Madras High Court
The United India Insurance Co.Ltd vs D.Vasantha on 6 September, 2013
Author: R.Subbiah
Bench: R.Banumathi, R.Subbiah
In the High Court of Judicature at Madras Dated : 06.09.2013 Coram The Honourable Mrs.Justice R.BANUMATHI and The Honourable Mr.Justice R.SUBBIAH C.M.A.No.2575 of 2009 and C.M.A.No.1115 of 2012 C.M.A.No.2575 of 2009 The United India Insurance Co.Ltd., 39, Greams Road, Chennai-6. ..Appellant ..vs.. 1.D.Vasantha 2.G.Deenadayalu 3.D.Bharathi ..Respondents C.M.A.No.1115 of 2012 1.D.Vasantha 2.G.Deenadayalu 3.D.Bharathi .. Appellants ..vs.. 1.N.Chandrasekar 2.The United India Insurance Co. Ltd., 39, Greames Road, Chennai-6. .. Respondents Civil Miscellaneous Appeals filed under section 173 of Motor Vehicles Act, 1988, against the fair and decretal order dated 14.07.2008 made in MCOP.No.1289 of 2003 on the file of Motor Accidents Claims Tribunal (Additional District Judge Fast Track Court No.IV), Coimbatore. CMA.No.2575 of 2009 For Appellant : Mr.M.Krishnamoorthy For Respondents : Mr.A.N.Viswanatha Rao CMA.No.1115 of 2012 For Appellants : Mr.A.N.Viswanatha Rao For Respondents : Mr.M.Krishnamoorthy (For R2) COMMON JUDGMENT
(Judgment of the Court was delivered by R.SUBBIAH, J.,) Challenging the quantum of compensation awarded by the Motor Accidents Claims Tribunal (Additional District Judge Fast Track Court No.IV), Chennai in M.C.O.P.No.1289 of 2003 vide., order dated 14.07.2008, the Insurance Company has filed the appeal in CMA.No.2575 of 2009. Not being satisfied with the quantum of compensation awarded by the tribunal, the claimants have filed the appeal in C.M.A.No.1115 of 2012. Hence, both the appeal are disposed of by way of this common judgment.

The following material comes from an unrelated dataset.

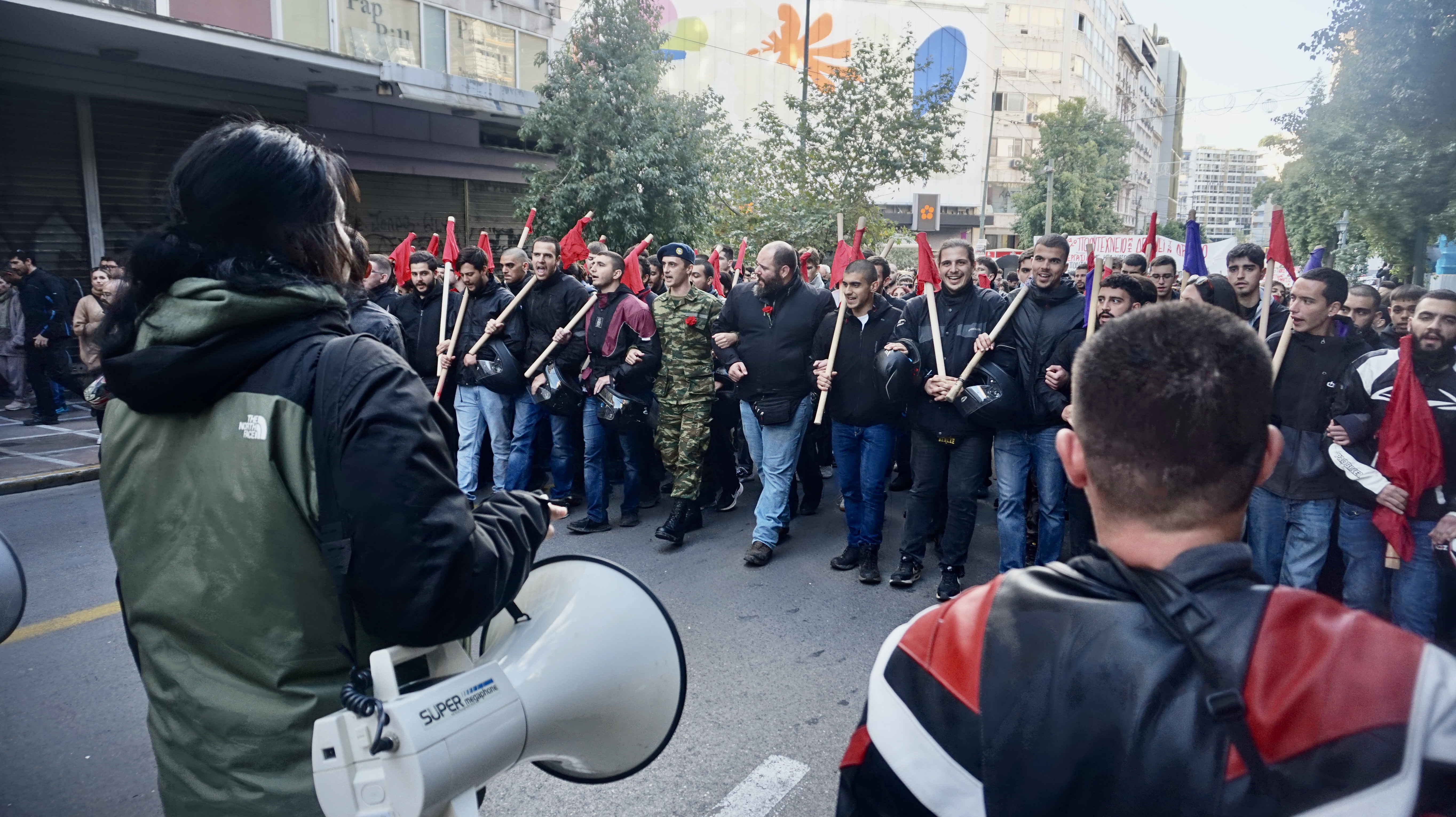 Από την Πανεπιστημίου ακολούθησε την πορεία η πολύ μεγάλη διαδήλωση ΚΝΕ-ΠΑΜΕ-ΚΚΕ με μπροστά πανό φοιτητικών συλλόγων που ανάφερε “Το Πολυτεχνείο Ζει! Με οργάνωση και αγώνα για την ανατροπή – στο σύστημα του κέρδους καμιά υποταγή!”. Το συνθήματα ήταν κατά του αμερικάνικου ιμπεριαλισμού και της ΕΕ αλλά ούτε λέξη για αγώνα ανατροπής της χούντας Μητσοτάκη.

2.For the sack of convenience, the parties will be referred as per their ranking in C.M.A.No.2575 of 2009. The appellant is the insurance company and the respondents are the mother, father and sister of the deceased D.Ravi respectively.
3.It is the case of the respondents/claimants that on 12.11.2012 at about 7.45 hours, while the deceased D.Ravi was proceeding in his two wheeler towards Ambattur Estate, the lorry bearing Registration No.TN-02-B-0553 came in a rash and negligent manner and hit the two wheeler, as a result of which the deceased sustained multiple and fatal injuries and died on the spot. Hence, the respondents/claimants made a claim for a sum of Rs.45 lakhs as compensation as against the owner of the lorry and its Insurer/appellant herein.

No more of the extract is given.